Quando este entendimento norteia a nossa vida cristã, pouco importa a luta enfrentada. Sabemos quem somos. E, mais importante, a quem pertencemos. A questão principal, então, é a presença ou não em nossas vidas de uma integridade diante de Deus e dos homens. Quando ela existe, tudo o que fazemos, seja na igreja, em casa ou no trabalho secular, tem o brilho da eternidade.

Trabalhar na obra de Deus nunca foi fácil. E, dentre as inúmeras dificuldades enfrentadas, está o perigo de esquecer que não somos Deus, e Ele não precisa de nós. Muitos pastores, que negligenciam suas famílias em função de uma suposta chamada para a obra de Deus, fazem isto por não terem consciência desta verdade. Infelizmente, famílias são destroçadas em nome de um deus mesquinho e exigente, que dá aos seus servos um fardo que ninguém pode suportar: buscar sua aprovação mediante trabalhar 24 horas por dia, sete dias por semana, sem direito a descanso.

O Deus do Evangelho não é assim. Pelo contrário, é Ele mesmo quem convida seus servos ao descanso e dá a eles um fardo leve e suave. Buscar a integridade envolve confiar que este descanso que Deus nos oferece é o que nos leva a não inverter prioridades em nossa vida.

O texto de uma das cartas às igrejas no Apocalipse, muito usado em pregações evangelísticas, fala de Jesus batendo na porta, querendo entrar a fim de manter comunhão.
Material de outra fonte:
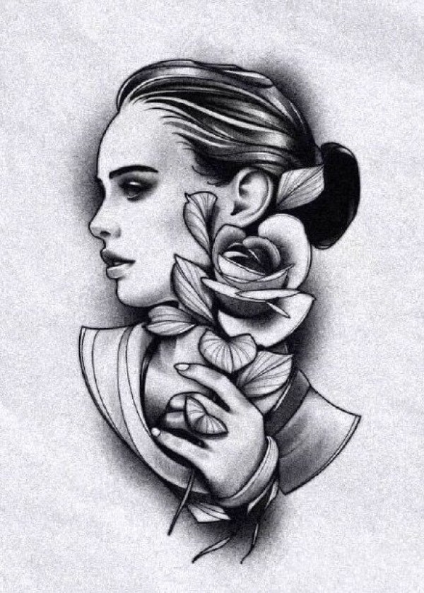 25张欧美女郎小黑灰纹身手稿图案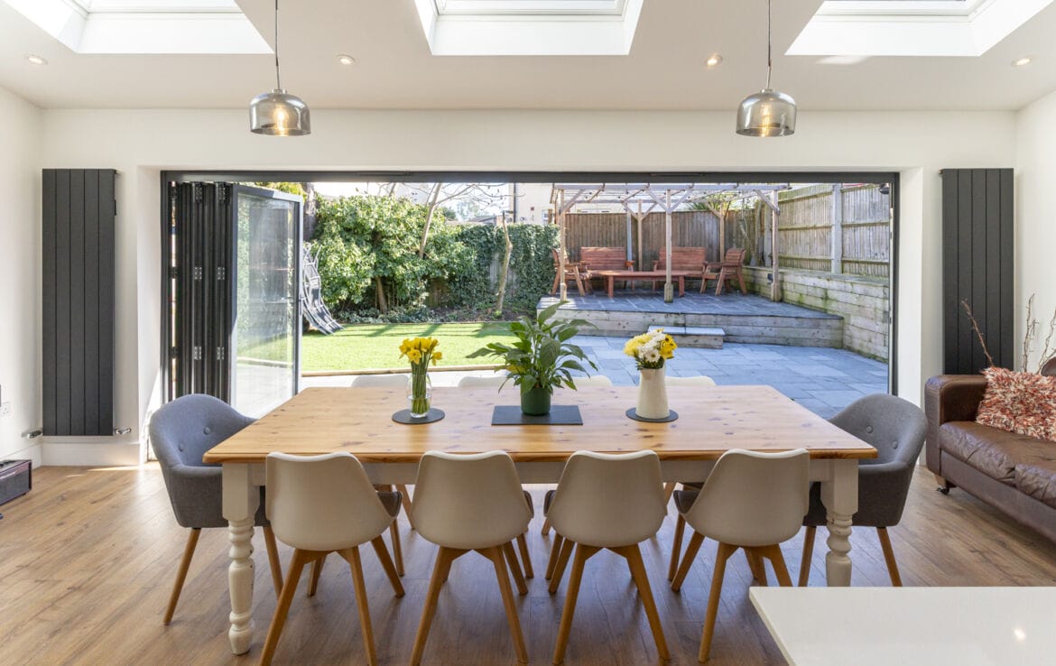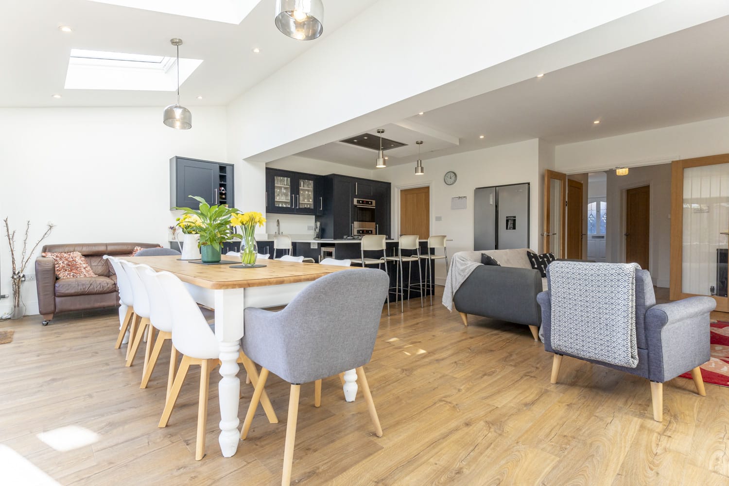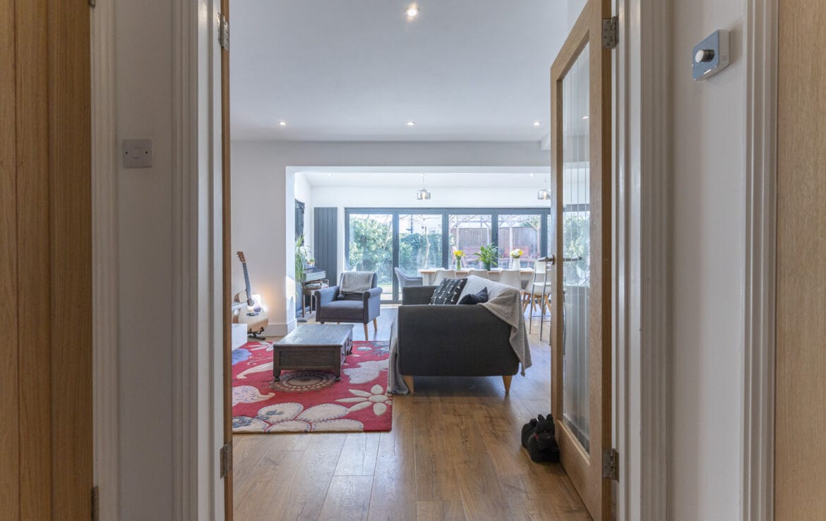 Open plan living space with oak flooring, sealed unit double glazed bi-folding doors to garden and part vaulted ceiling with skylight windows. TV point, power points, radiators. Stylish kitchen area with range of base and eye level units with granite work surface and inset sink with upboards under, fitted electric double oven. Fitted concealed dishwasher. Island units with granite surface and five ring gas cooktop with extractor over, wine fridge and eating area. Space for fridge freezer. Oak door to:

Esquecemo-nos de que estas palavras e esta atitude de Jesus foram dirigidas à cristãos. Somos nós que estamos doentes. Somos nós que precisamos desesperadamente da graça de Deus. No entanto, muitas vezes, trancamos o médico do lado de fora de nossas vidas. Ele bate desejando entrar, mas nós não O ouvimos.
É preciso repensar a razão de nosso ministério cristão. Se não pararmos para verificar se Jesus está presente, inverteremos nossas prioridades e colheremos os frutos amargos de quem não soube ser íntegro em Deus.